L’écriture inclusive à l’école (2)

Que pensent nos élu·e·s de cette intrusion de l’écriture inclusive dans notre bonne vieille grammaire française ?

Quand le Haut conseil à l’égalité entre les femmes et les hommes a eu la bonne idée de publier un guide incitant les pouvoirs publics à adopter une communication « sans stéréotypes de sexe » en 2015, seuls quelques ministères, institutions, collectivités et universités s’étaient engagés à appliquer ces recommandations. Ce n’est qu’à la parution d’un premier manuel scolaire rédigé en écriture inclusive il y a quelques mois, que le sujet s’est étendu au grand public et a soulevé la polémique qu’on lui connaît.

Le Premier ministre, Édouard Philippe, par ailleurs favorable à la féminisation des noms de métiers, stipule, « en particulier pour les textes destinés à être publiés au Journal officiel de la République française, à ne pas faire usage de l’écriture dite inclusive […] pour des raisons d’intelligibilité et de clarté de la norme. ». Pour le ministre de l’Éducation, Jean-Michel Blanquer, « la langue française n’est pas à instrumentaliser pour des combats, aussi légitimes soient-ils ». Si l’expression « le masculin l’emporte sur le féminin » n’est « sûrement pas une bonne formule », « il faut dire simplement qu’en cas de pluriel, on accorde au masculin, ce qui dans la langue française s’apparente souvent au genre neutre  ».

Effectivement, un petit détour du côté des Latins nous rappellera qu’il existait alors trois genres : le genre féminin, le genre masculin et le genre neutre.
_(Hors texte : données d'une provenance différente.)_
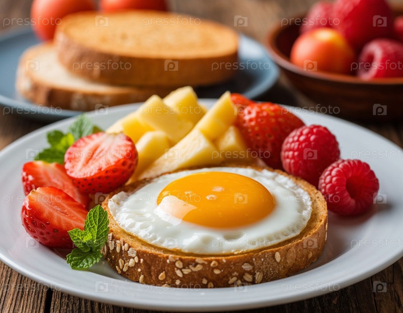 Завтрак на столе крупный план.Создано Ai
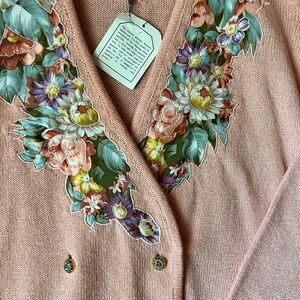 New with tags vintage 1980s satin knit cardigan in women's size large. This rare piece features a pastel floral applique design with delicate jeweled accents, perfect for lovers of dreamy, romantic aesthetics. Made of a silky knit fabric with a relaxed fit, poof sleeves, and double breasted jeweled button front, ideal for layering. The soft color palette and whimsical details make it a standout piece for modern fairycore or coquette-inspired wardrobes. Pristine condition with original tag still attached—never worn and well preserved from the 80s. Pink leans more peach.
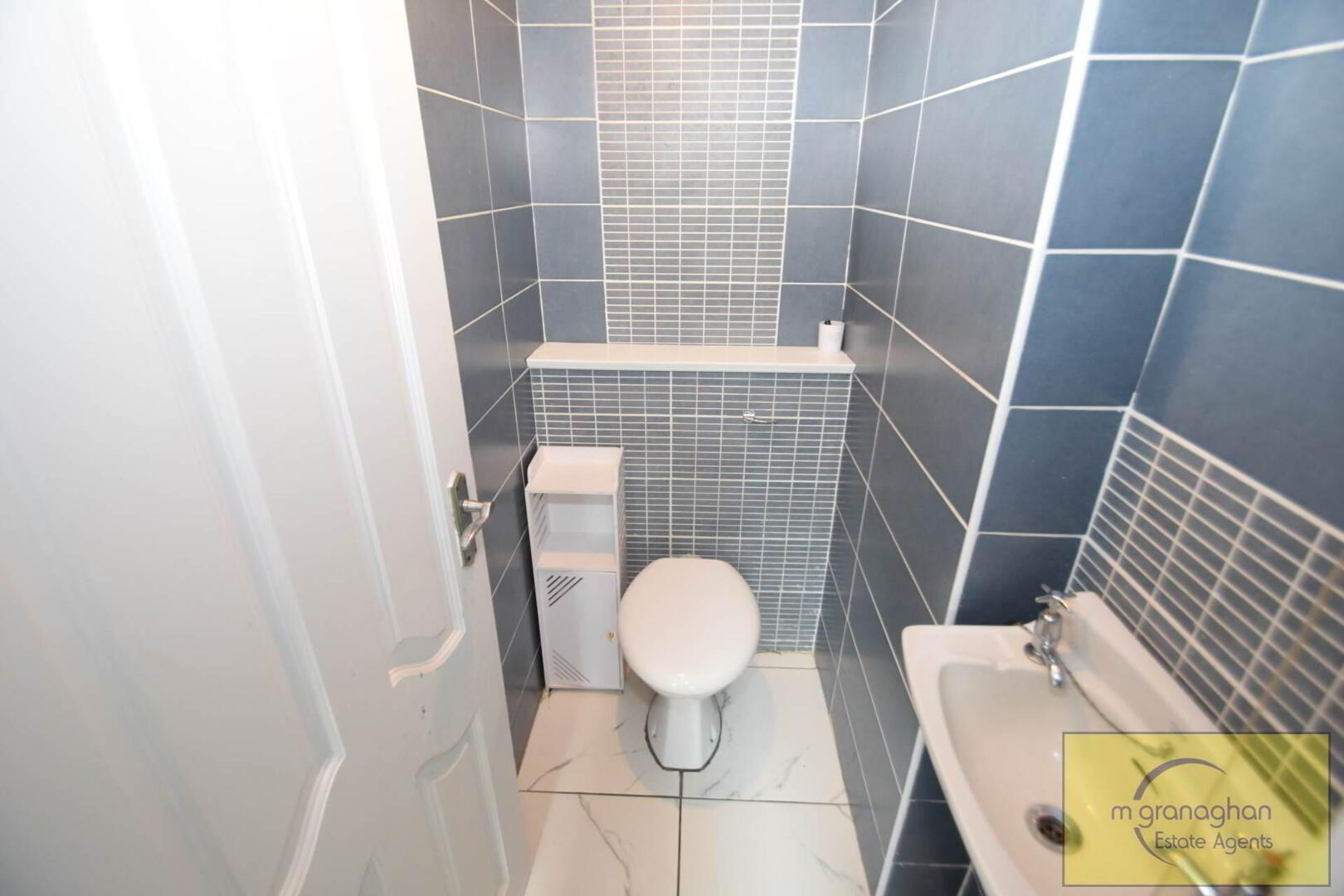 Free standing wash hand basin, low flush W/C, ceramic tiled flooring
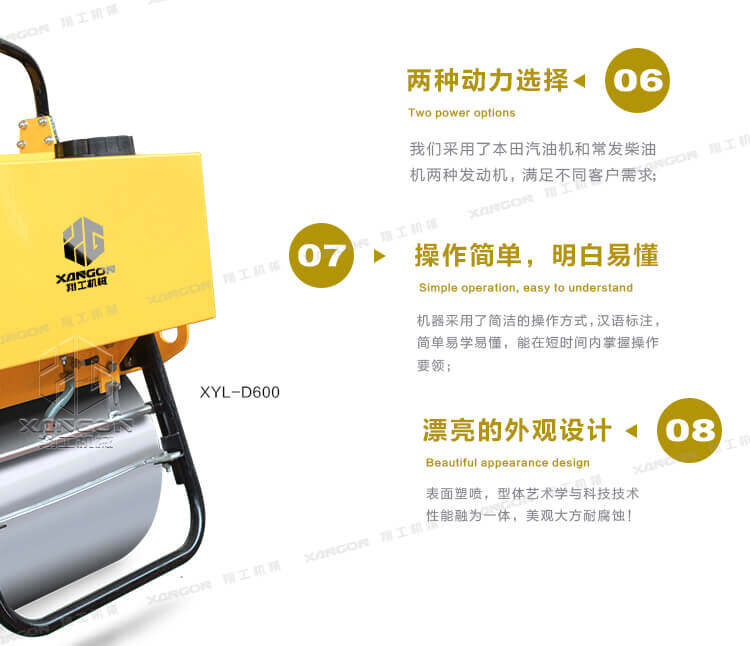 手扶單輪(汽油)壓路機(jī)進(jìn)口液壓系統(tǒng)手扶壓路機(jī)XYL-D600主要用于溝渠基礎(chǔ),道路,體育場地的壓實整平,也可用于壓實瀝青表面的作業(yè)。

La langue française, en incluant le genre neutre dans le genre masculin, a créé un genre masculin hybride, tandis que le genre féminin conservait toute sa… pureté originelle. Le genre masculin endosse donc naturellement le rôle de genre neutre dans les situations grammaticales ambiguës. Pas de quoi s’énerver ! Il s’agit bien ici d’arguments linguistiques et non de raisons politiques comme mentionné plus tôt.

De leur côté, les représentants de l’Académie française voient mal « quel est l’objectif poursuivi et comment il pourrait surmonter les obstacles pratiques d’écriture, de lecture, visuelle ou à voix haute, et de prononciation. » Ils s’insurgent « devant cette aberration inclusive », nous précisent que « la langue française est en péril mortel », et  pour ce qui est des « promesses de la francophonie, elles seront anéanties si la langue française s’empêche elle-même par ce redoublement de complexité, au bénéfice d’autres langues qui en tireront profit pour prévaloir sur la planète. »

À suivre…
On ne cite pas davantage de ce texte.